» Input data:
= = = = =

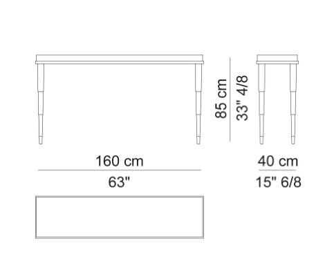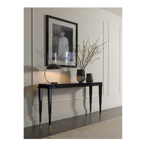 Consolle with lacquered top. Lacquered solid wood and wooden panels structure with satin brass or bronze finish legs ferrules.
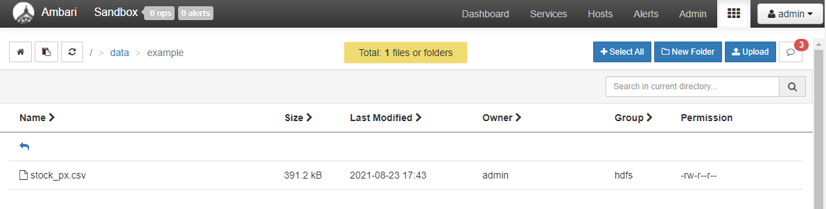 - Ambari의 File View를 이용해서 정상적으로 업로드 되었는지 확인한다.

= = = = =

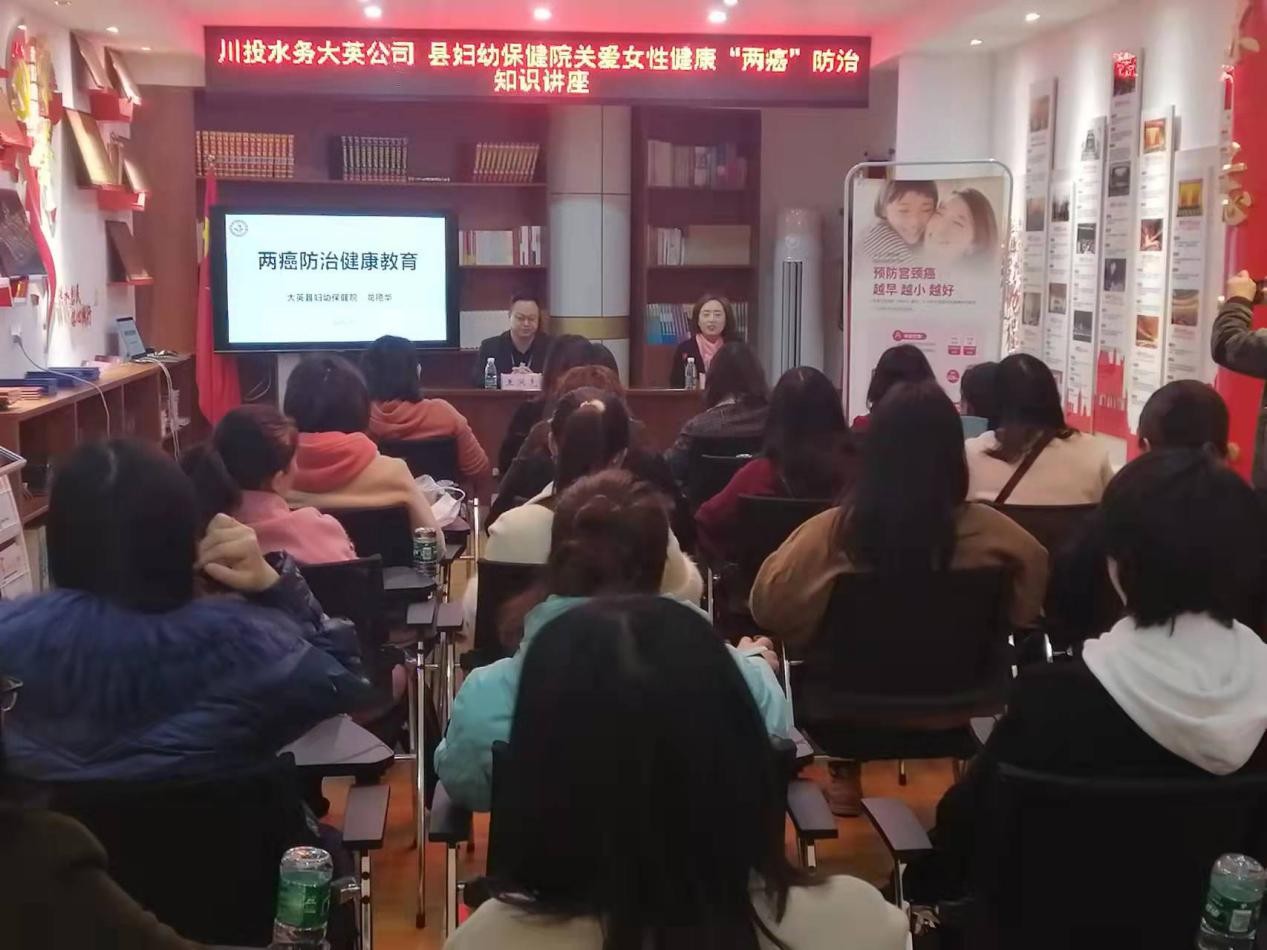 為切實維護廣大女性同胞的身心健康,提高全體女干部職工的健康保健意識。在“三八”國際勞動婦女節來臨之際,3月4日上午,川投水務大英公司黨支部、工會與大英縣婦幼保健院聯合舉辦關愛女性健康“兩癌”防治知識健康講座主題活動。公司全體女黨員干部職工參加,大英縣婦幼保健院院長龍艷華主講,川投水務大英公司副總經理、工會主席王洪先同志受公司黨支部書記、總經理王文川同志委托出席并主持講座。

= = = = =

» The task:
Skipping every picture, transcribe exactly the lines above from the one containing "Consolle with lacquered" through the one containing "- Ambari의 File", both included.

» Task output:
 Consolle with lacquered top. Lacquered solid wood and wooden panels structure with satin brass or bronze finish legs ferrules.
 - Ambari의 File View를 이용해서 정상적으로 업로드 되었는지 확인한다.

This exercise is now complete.